In-Ground, Plaster 34x18 3.5-6' deep, Sta-rite P2R A5D-120L pump, A.O. Smith centurion 1HP (uprated 1.25HP) motor,Hayward S244S filter(new 2011), Rainbow Lifegard Chlorine/Bomine feeder; new replastered June 2010
Location: Houston, Texas USA

Who to believe - "byhand" or computerized water test?

Postby Henry_R » Wed 27 Jul, 2011 19:30

Ok, I didn't find another place to ask this so I put it here. I am helping maintain a community HOA pool.
(I had to do this a couple of years ago whilst we were not using the pool since it needed replastering. So I know a little about how to do it but I'm no expert.)

It is a Plaster/Gunite pool. 36'x18' 3.5' to 6' deep. Details should show up in my profile. We just bought a new Hayward sand filter w/ side multiport side mount valve over Memorial Day weekend.
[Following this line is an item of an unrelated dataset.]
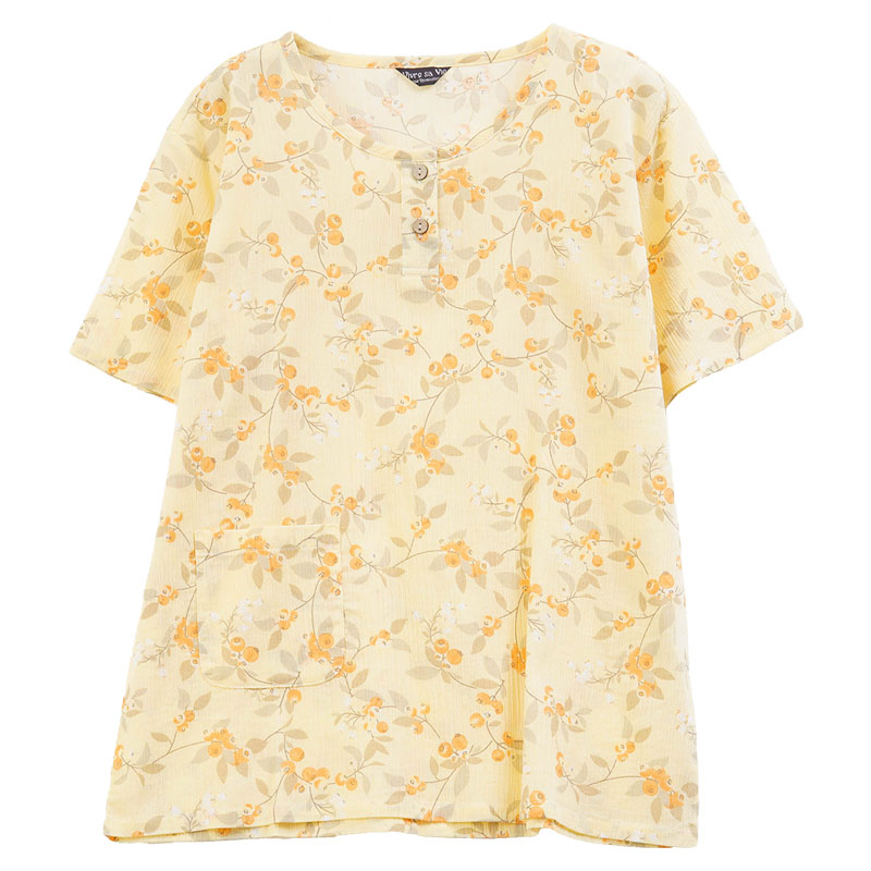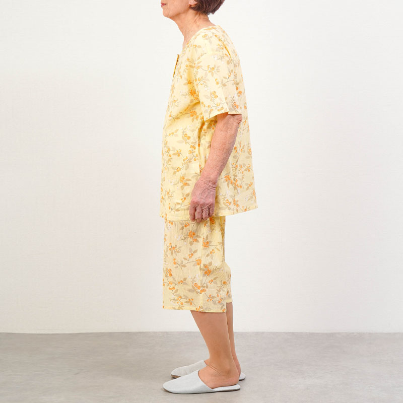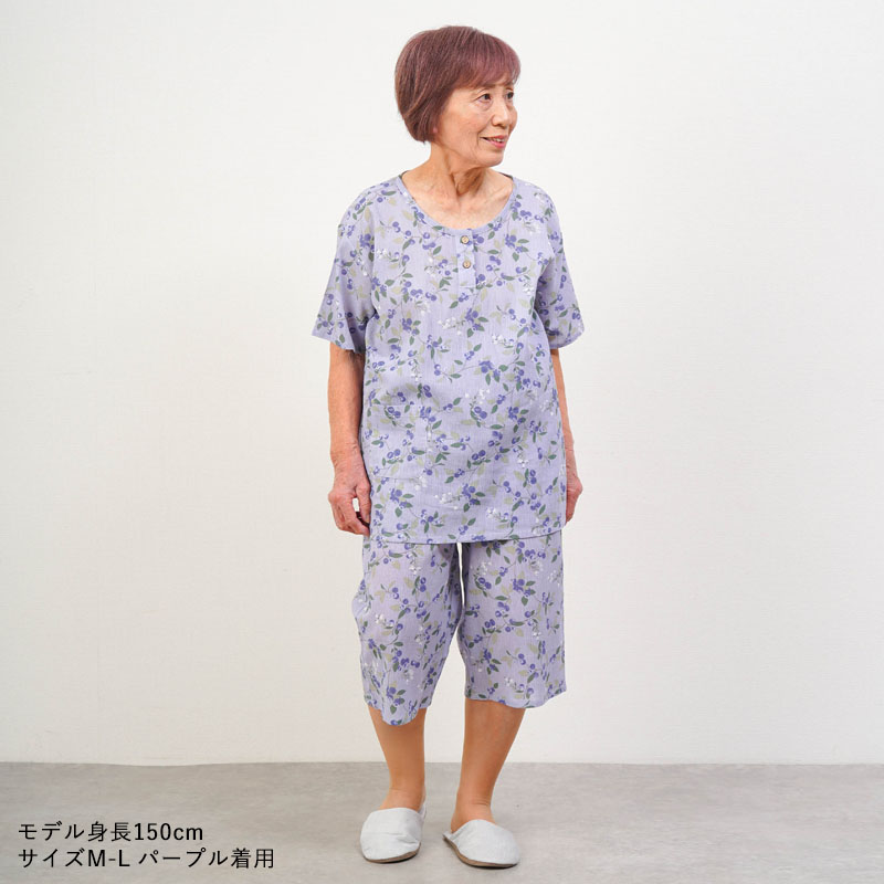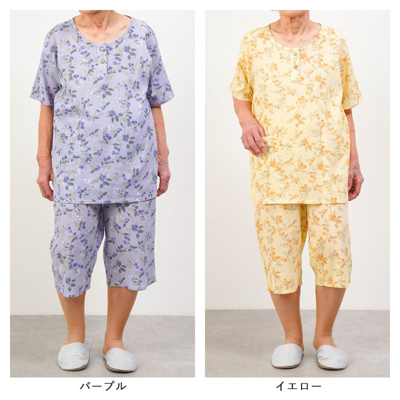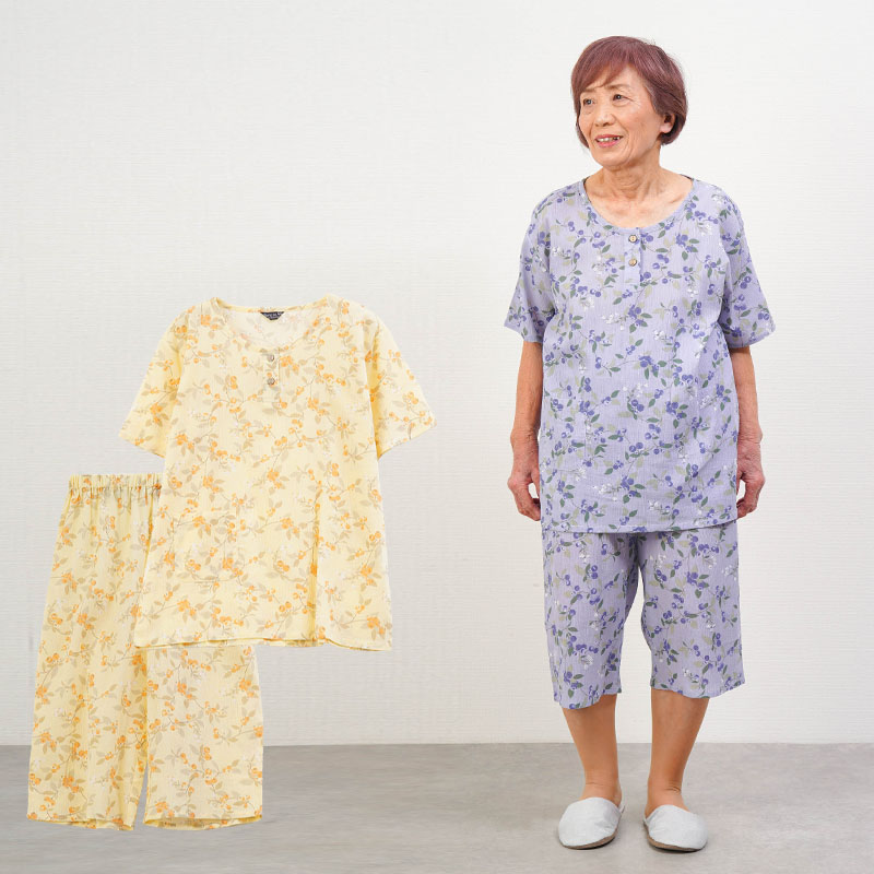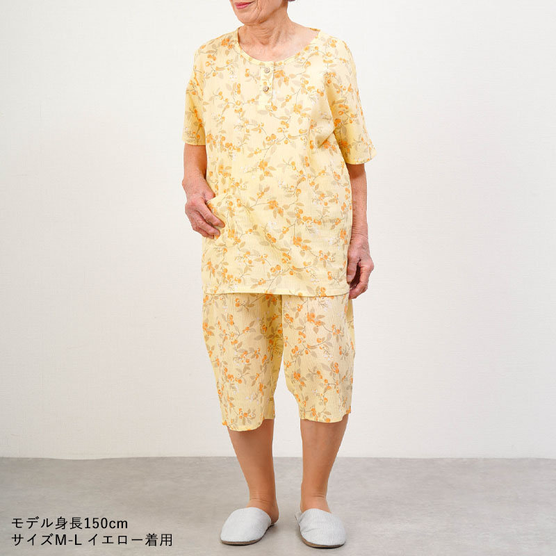 楊柳 綿100% 半袖シャツと七分丈パンツの上下セット パジャマ

It has worked well so far as I can tell. The old filter was as much as 25 year old and the sand of indeterminant age.

Our pool man failed us two weeks ago (July 11th) by letting our pool turn green for the third time in 8 weeks through the tablet feeder going empty. He's been fired when he gave us too many excuses and failed to show up.
Until we find another service we can afford we have to do this ourselves. We had the water tested at a Leslie's pools store which determined the CYA was >100ppm and phosphates were >1000 while chlorine was <1 or 0. This explained the green. That was two weeks ago on Thursday the 14th. They sold us some PhosFree, NoMorProblems and algaecide along with some trichlor and 73% cal-hypo. We also bought a vacuum and hose.

We had a company to bid on the pool who wanted to charge way too much for our meger budget, but they told us we should drain 2 feet of water out to get the CYA down. We did this Saturday(16th) and filled it back up. Using the cal-hypo shock and trichlor tablets in the feeder set at #2 on a scale of 0-10. Vacuumed the dead algae off the bottom. It has remained clean of algae, but not fully clear. Chlorine was in the 2-4 range on Monday (18th) after we refilled it. We've had swimmers in there with no issues nor complaints reported. I put some shock (about 1lb or so) in early on this past Sunday (24th) morning since we had a large amount of bathers on Saturday night and were expecting a small pool party on Sunday evening.

The only thing that has been a concern is that the water is not fullly clear. The bottom drain is barely visible whereas before the issue with the green pool is was usually crystal clear. We are only using the skimmer the bottom drain has been plugged up since the 1980s due to a leak.

Now today (27th), I took a sample of water to a pool store I trust. The last time I went there they were doing the tests by hand. Now they're using a computerized tester (ClearCare(tm) Expert) which shows the TC=9.89(high), FAC=9.89(high), CC=0, TA=113,pH=7.6, CH=363, CYA=47,Copper=0,Iron=0,TDS=1000, Saturation Index=0.3
The man put drops of water on a machine which gave a reading on the computer. Not just entering it manually as I've seen most times.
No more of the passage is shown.